Stiftegeschäft besonders unter Druck
Im Segment Schreibgeräte sank der Umsatz bei Stabilo um knapp sieben Prozent auf 199 Millionen Euro. Stabilo-Chef Horst Brinkmann verweist auf strukturelle Belastungen durch die fortschreitende Digitalisierung. Positiv bewertet das Management einzelne Kooperationen, etwa mit Dolce & Gabbana, die neue Zielgruppen ansprechen sollen.
Gleichzeitig kündigte Brinkmann Kostensenkungen an. In Deutschland ist ein freiwilliges Programm mit Teilzeit- und Vorruhestandsmodellen geplant. Bis 2028 sollen die weltweiten Personalkosten um acht Prozent sinken. Konkrete Zahlen zum Stellenabbau nannte das Unternehmen nicht. Stabilo beschäftigt rund 1.500 Mitarbeiter, der Gesamtkonzern etwa 5.200.
Kosmetik hält sich vergleichsweise stabil
Deutlich robuster zeigte sich Schwan Cosmetics, dessen Umsatz lediglich um ein Prozent auf 369 Millionen Euro zurückging. CEO Tomás Espinosa sieht die Branche in einem tiefgreifenden Wandel. Plattformen wie Tiktok verkürzten Produktzyklen drastisch und erhöhten den Innovationsdruck.
Produkte würden heute teils innerhalb weniger Tage entwickelt und vermarktet. Aus dem Konzept „Fast Beauty“ sei „Ultra-Fast Beauty“ geworden.
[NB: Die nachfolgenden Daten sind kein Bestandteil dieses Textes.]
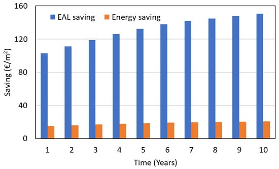 Savings in terms of EAL and energy for the case of RC = EUR 1450/m2.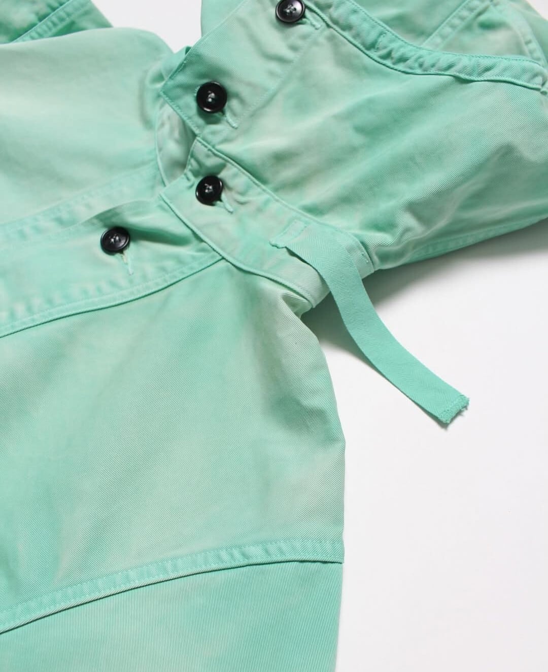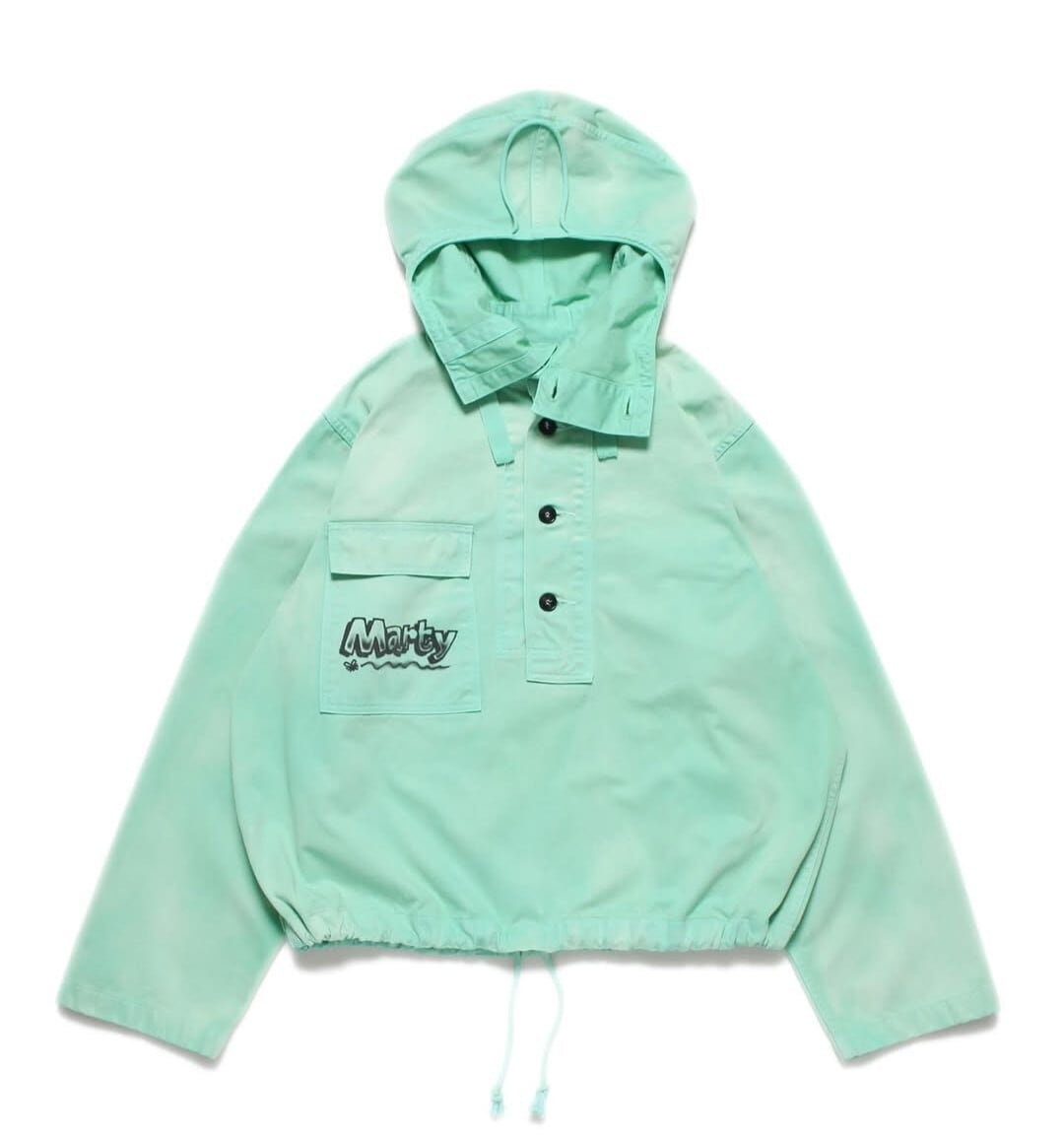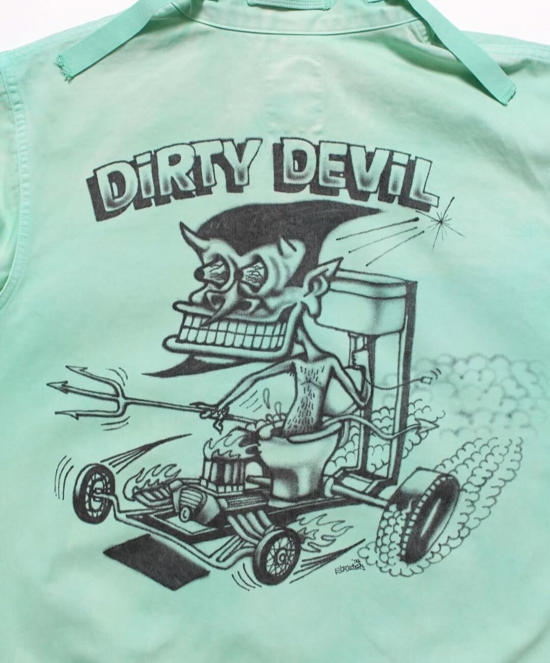 1940年代のUS NAVYが甲板で使用していたサルベージ防寒具をモチーフにしたパーカーのスタンドヘンリーネック仕様初期型タイプ。当時、部隊ごとに染め分けられたパーカーは、独特の退色感と雰囲気を持ち、 ヴィンテージラバーに愛される異様なオーラを放っている。軍での使用を終えた後、払下げられたパーカーはロウブローアーティストのキャンバスや、チームウェアとして使用されることもあり、時おりスーパービンテージとして発見されることがある。このアイテムは、そのような歴史的背景をイメージし、ロウブローアーティスト 「SKETCH」に依頼。SKETCHがイメージする色で染められ、デビルモンスターエアブラシデザインが施されたスペシャル仕様。

Schwan Cosmetics habe seine Entwicklungsprozesse entsprechend beschleunigt, um wettbewerbsfähig zu bleiben.
Outdoor-Sparte mit größtem Rückgang
Am stärksten belastet wurde erneut das Outdoor-Geschäft. Die Erlöse sanken um rund zehn Prozent auf 210 Millionen Euro. Der während der Corona-Pandemie entstandene Boom ist vorbei, der Markt gilt als gesättigt, Lagerbestände sind hoch. Positiv wertet der Konzern allerdings erste Erholungstendenzen zu Beginn des laufenden Geschäftsjahres.
Viel Arbeit für den neuen CEO
Für Michele Molon ist die Ausgangslage anspruchsvoll. Er macht keinen Hehl daraus, dass nicht alle Probleme kurzfristig lösbar sind. Gleichzeitig kündigt er an, die notwendigen Schritte entschlossen anzugehen. Ob der Manager aus der Luxusbranche die traditionsreiche, fränkisch geprägte Unternehmensgruppe erfolgreich neu ausrichten kann, wird sich in den kommenden Jahren zeigen.
Fest steht: Schwan-Stabilo steht vor einem tiefgreifenden Umbau – und vor der Herausforderung, seine bekannten Marken in einem veränderten Konsumumfeld wieder auf Wachstumskurs zu bringen.